What you should do => Scan the entries below for the word "features" and copy every line in which it occurs.

-------

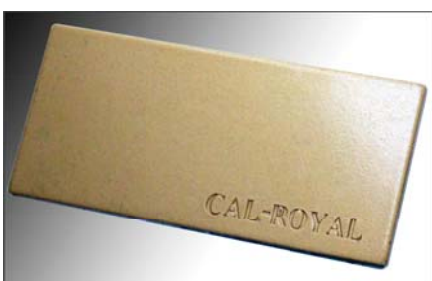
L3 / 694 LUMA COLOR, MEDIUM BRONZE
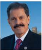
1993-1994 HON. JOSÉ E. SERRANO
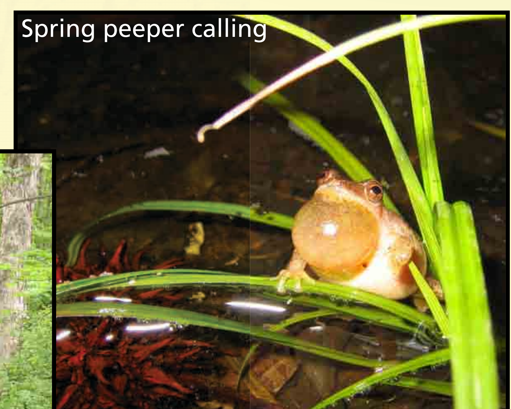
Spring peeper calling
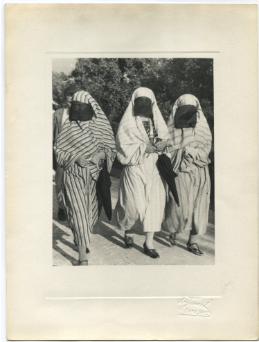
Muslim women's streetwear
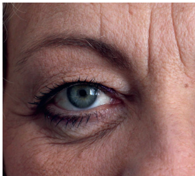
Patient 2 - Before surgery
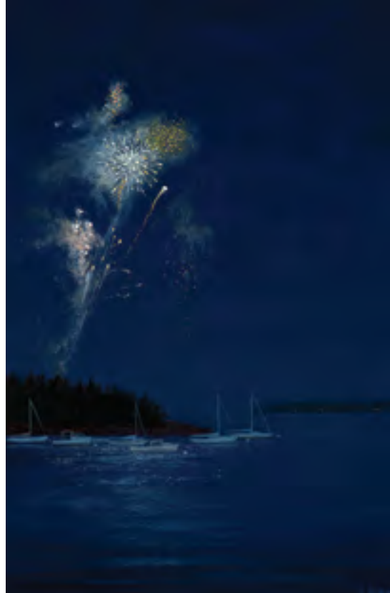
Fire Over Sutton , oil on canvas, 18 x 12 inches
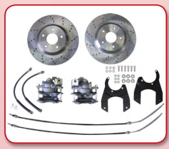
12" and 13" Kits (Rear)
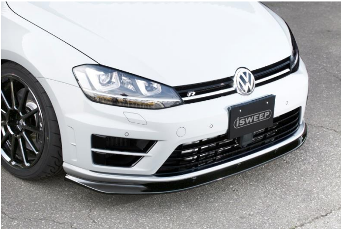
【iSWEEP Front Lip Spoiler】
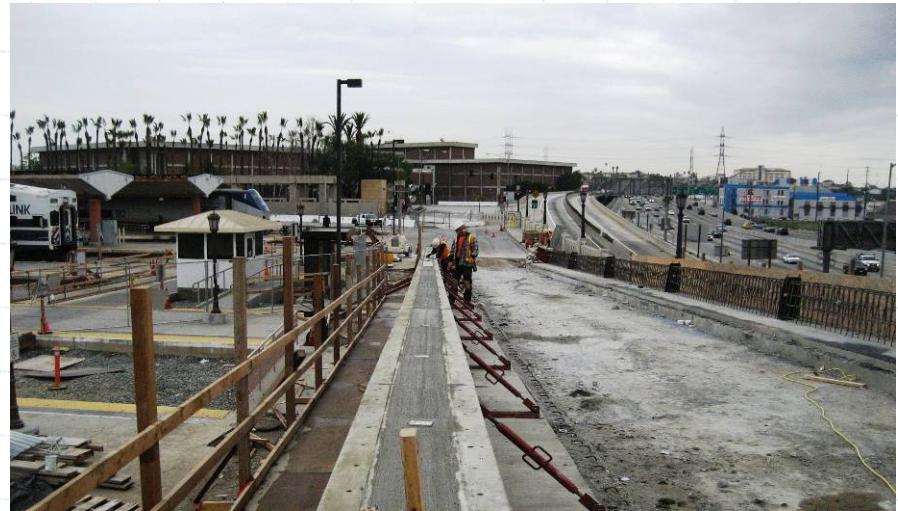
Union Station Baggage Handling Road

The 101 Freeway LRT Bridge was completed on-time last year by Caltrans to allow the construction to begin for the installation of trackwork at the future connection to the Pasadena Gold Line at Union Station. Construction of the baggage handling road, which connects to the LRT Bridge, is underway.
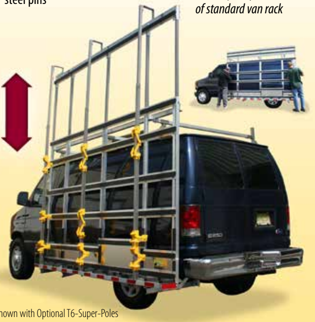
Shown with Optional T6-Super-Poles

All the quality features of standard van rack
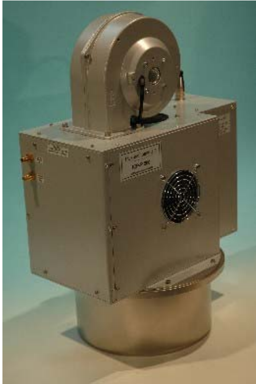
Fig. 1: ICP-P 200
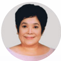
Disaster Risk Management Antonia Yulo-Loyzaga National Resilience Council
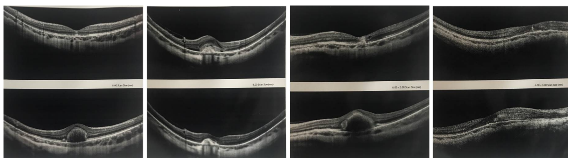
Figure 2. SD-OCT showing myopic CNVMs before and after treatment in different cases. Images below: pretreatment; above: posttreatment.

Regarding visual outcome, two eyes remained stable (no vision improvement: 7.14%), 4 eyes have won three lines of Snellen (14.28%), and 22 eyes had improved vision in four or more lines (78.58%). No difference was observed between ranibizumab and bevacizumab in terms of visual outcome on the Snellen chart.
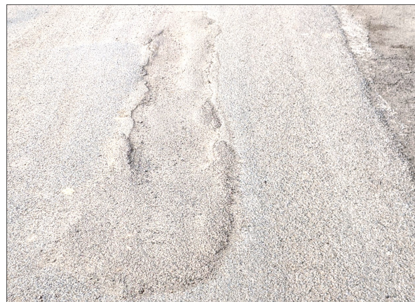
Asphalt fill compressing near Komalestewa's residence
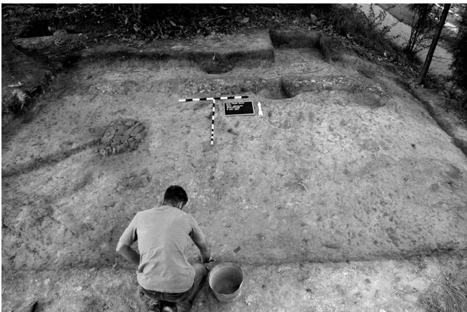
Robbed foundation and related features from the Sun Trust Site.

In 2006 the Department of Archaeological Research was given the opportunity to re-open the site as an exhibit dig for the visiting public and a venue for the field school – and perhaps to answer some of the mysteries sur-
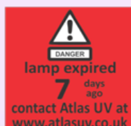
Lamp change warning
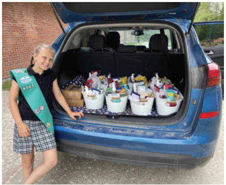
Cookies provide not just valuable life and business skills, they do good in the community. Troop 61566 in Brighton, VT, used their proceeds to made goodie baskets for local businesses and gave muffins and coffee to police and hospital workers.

-------

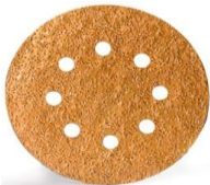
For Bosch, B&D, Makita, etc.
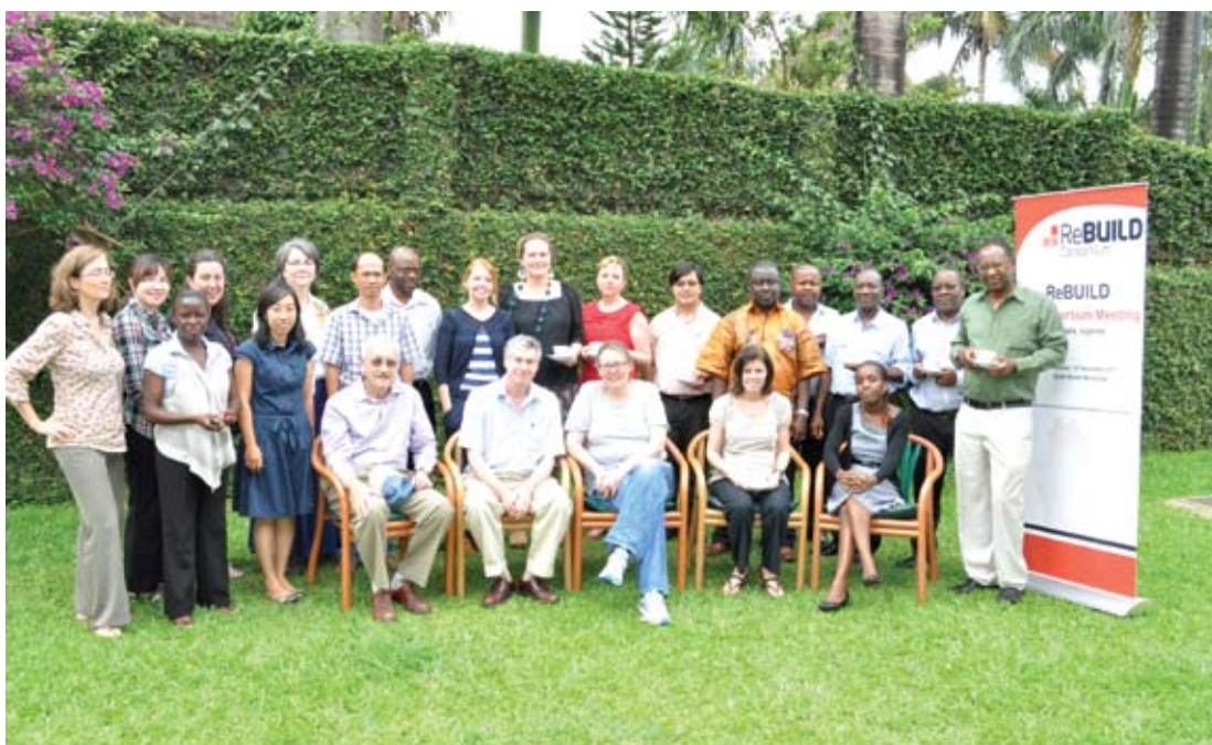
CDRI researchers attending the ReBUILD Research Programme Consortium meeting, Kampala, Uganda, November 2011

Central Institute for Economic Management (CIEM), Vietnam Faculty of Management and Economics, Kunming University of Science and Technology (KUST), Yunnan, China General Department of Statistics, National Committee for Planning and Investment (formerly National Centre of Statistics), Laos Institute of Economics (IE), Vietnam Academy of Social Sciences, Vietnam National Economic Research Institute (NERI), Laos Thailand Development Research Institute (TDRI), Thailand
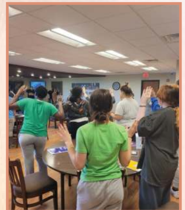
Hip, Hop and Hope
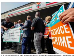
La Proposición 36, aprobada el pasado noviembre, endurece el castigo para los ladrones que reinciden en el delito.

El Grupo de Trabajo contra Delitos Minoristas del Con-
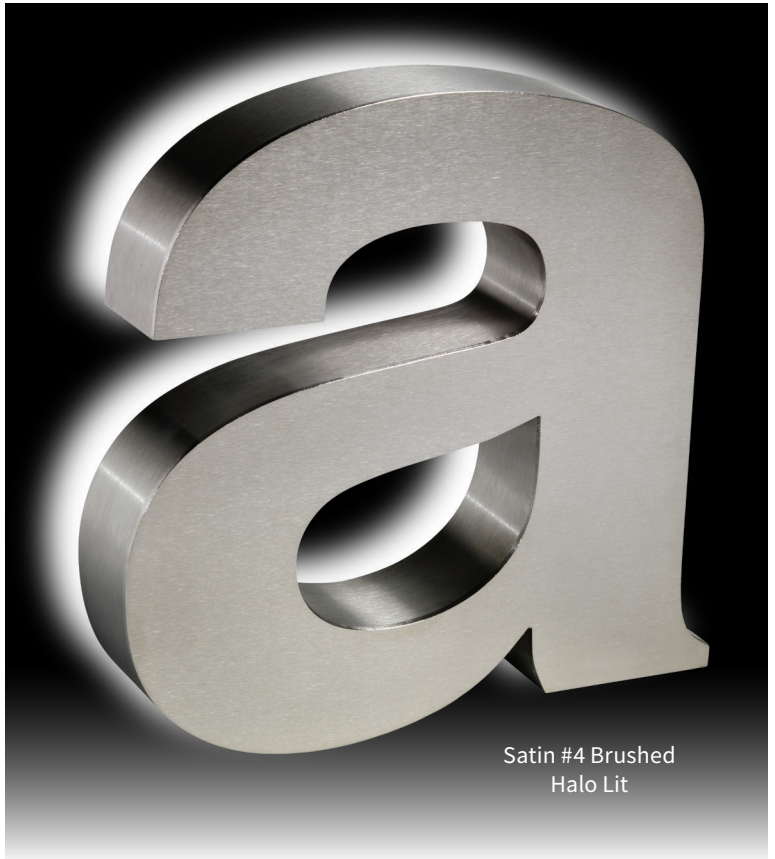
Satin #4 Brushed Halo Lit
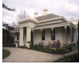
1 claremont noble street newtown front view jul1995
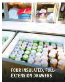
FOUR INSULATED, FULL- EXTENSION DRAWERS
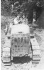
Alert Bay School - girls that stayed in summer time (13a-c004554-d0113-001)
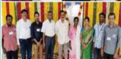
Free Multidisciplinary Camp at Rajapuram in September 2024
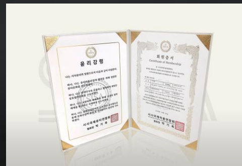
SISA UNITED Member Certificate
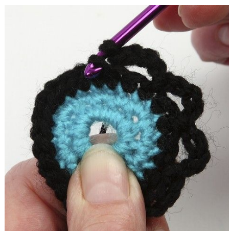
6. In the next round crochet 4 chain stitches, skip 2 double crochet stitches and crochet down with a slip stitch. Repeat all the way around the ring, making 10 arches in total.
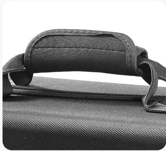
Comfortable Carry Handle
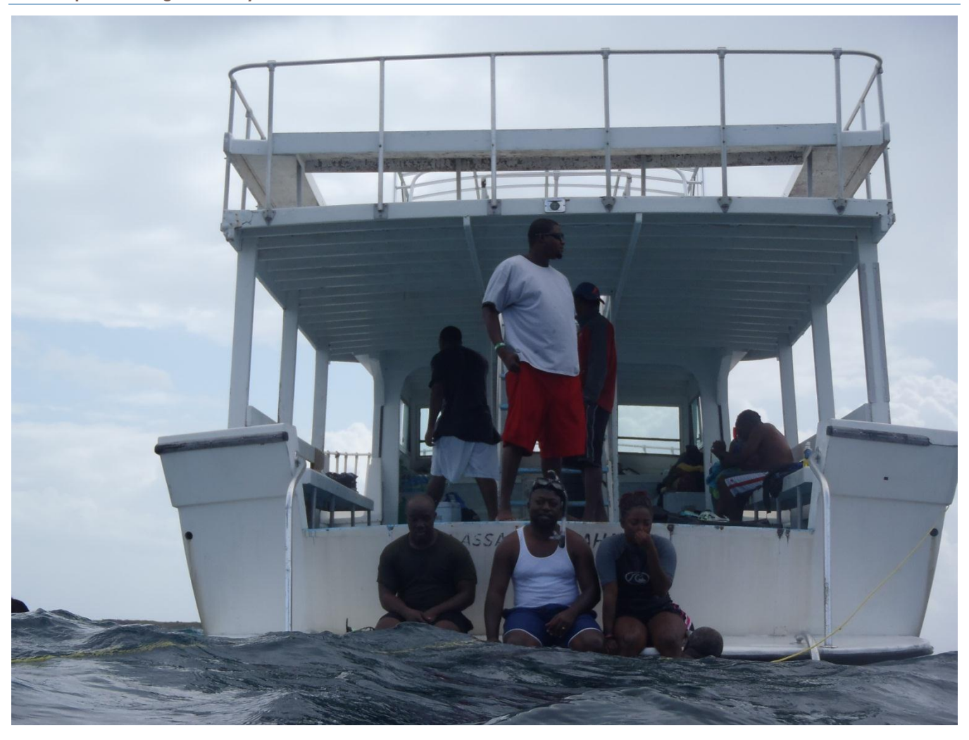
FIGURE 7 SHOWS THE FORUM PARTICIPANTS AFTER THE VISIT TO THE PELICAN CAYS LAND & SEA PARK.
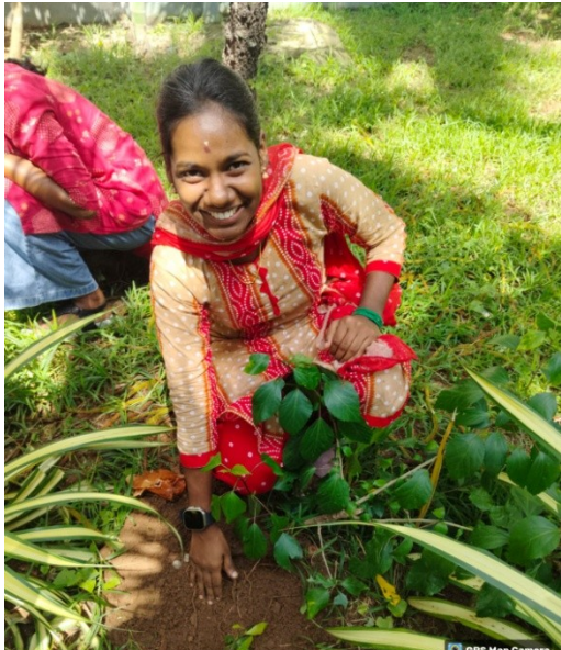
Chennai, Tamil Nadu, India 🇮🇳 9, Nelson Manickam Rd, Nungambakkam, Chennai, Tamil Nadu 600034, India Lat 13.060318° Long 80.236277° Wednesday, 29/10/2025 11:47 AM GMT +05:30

-------

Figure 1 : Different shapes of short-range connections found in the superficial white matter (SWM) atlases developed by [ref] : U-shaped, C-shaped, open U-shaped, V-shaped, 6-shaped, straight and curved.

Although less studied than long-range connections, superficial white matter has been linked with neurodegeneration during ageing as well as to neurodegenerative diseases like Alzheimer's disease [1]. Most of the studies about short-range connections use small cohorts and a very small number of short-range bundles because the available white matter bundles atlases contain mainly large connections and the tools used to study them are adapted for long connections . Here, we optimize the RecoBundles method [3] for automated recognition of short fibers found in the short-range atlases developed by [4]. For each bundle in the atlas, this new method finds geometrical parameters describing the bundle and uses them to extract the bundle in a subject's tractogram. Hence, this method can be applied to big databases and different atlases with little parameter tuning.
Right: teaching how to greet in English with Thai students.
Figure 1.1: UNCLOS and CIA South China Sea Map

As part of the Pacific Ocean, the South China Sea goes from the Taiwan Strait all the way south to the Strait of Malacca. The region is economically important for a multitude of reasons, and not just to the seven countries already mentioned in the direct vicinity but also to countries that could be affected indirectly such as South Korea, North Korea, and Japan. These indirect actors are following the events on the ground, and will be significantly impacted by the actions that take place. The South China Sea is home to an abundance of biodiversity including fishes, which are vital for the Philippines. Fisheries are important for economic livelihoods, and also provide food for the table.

-------

Task solution =>
All the quality features of standard van rack
Robbed foundation and related features from the Sun Trust Site.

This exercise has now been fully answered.